Romanın olumlu karakterlerinden “Mele Mirza” benzerleri Kürd tarihinde çoktur. Maalesef, tarihte en az onları dinledik. Sıra dışı oldukları için, onları dışladık, bazen deli dedik. Kemal Fevzi’nin, doktor olan ve “deli” diye nitelendirilen küçük kardeşi “Law Reşid”in, Bitlis’teki hikâyesi ayrı bir dram, yürek yakıcı. Kemal Fevzi ve kardeşlerinin büyük direnişi, büyük derslerle doludur. (Bir Bitlisli, bunun romanını yazmalı!..)

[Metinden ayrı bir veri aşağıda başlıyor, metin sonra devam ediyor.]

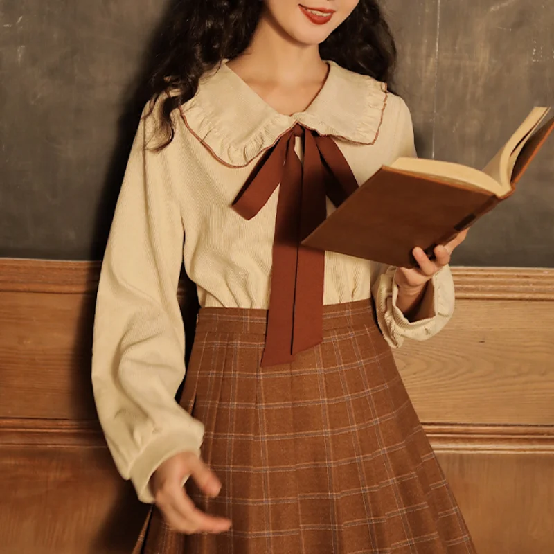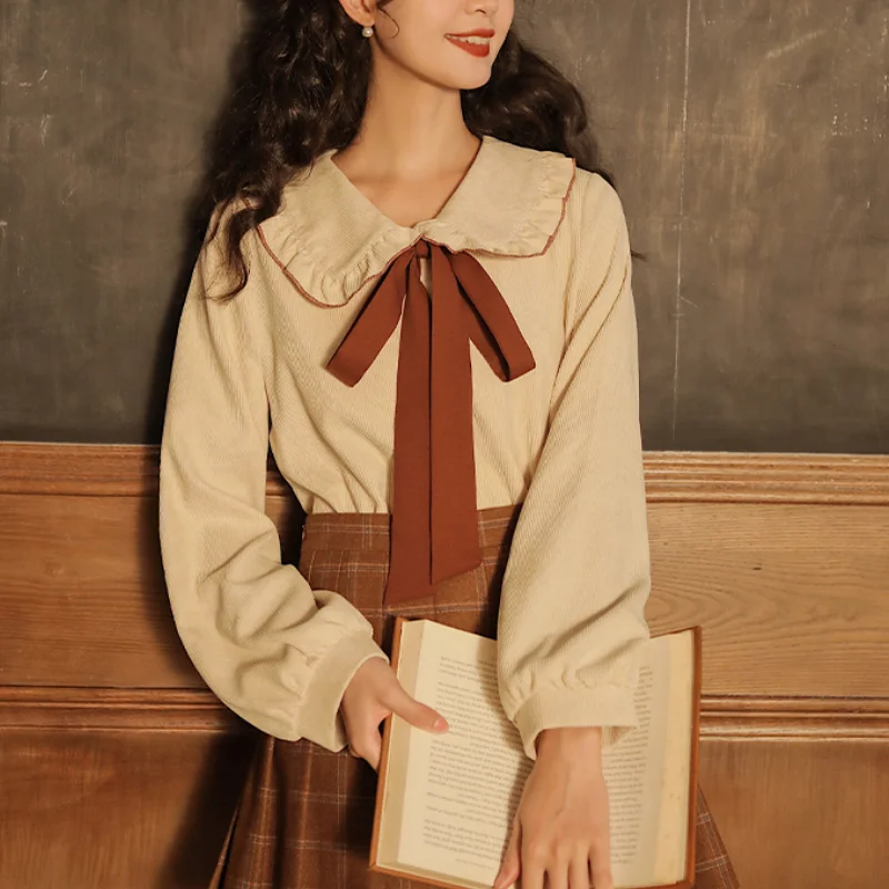 Вельветовые Kawaii рубашки для женщин с бантом Питер Пэн воротник блузка для подростков Осень 2021 форма с длинным рукавом на пуговицах женская одежда топы

Kürdler ve Ermeniler, aynı coğrafyanın aynı kaderi paylaşan iki acılı halkı. Ermenilerin başına gelenler, büyük oranda yazıldı. Kürdler yeni yeni yazıyor, yazmalılar. Kürdlerin başında, sayısız belalar, sürgünler ve ölümler var/vardı; dün de bugün de. Ermeni sürgün ve kırımı kısa zamanda tamamlandı; Kürd sürgün ve kırımı, 1916’dan günümüze, yüz yıldır devam ediyor. Kürdlerde yeterli tarih ve ulus bilinci olmamasının önemli bir nedeni de başa gelenlerin yazılmaması, bilinmemesidir.
Yazanlar, büyük bir emekle, yıllarını vererek eserler ortaya çıkarıyorlar. Bize de bunları alıp okumak, öğrenmek düşer. İyi ki yazmışsın Yücel Muhtar Kazaz, iyi ki yazıyorsunuz Bitlis Aydınları. Minnet duygularımı sunuyorum sizlere.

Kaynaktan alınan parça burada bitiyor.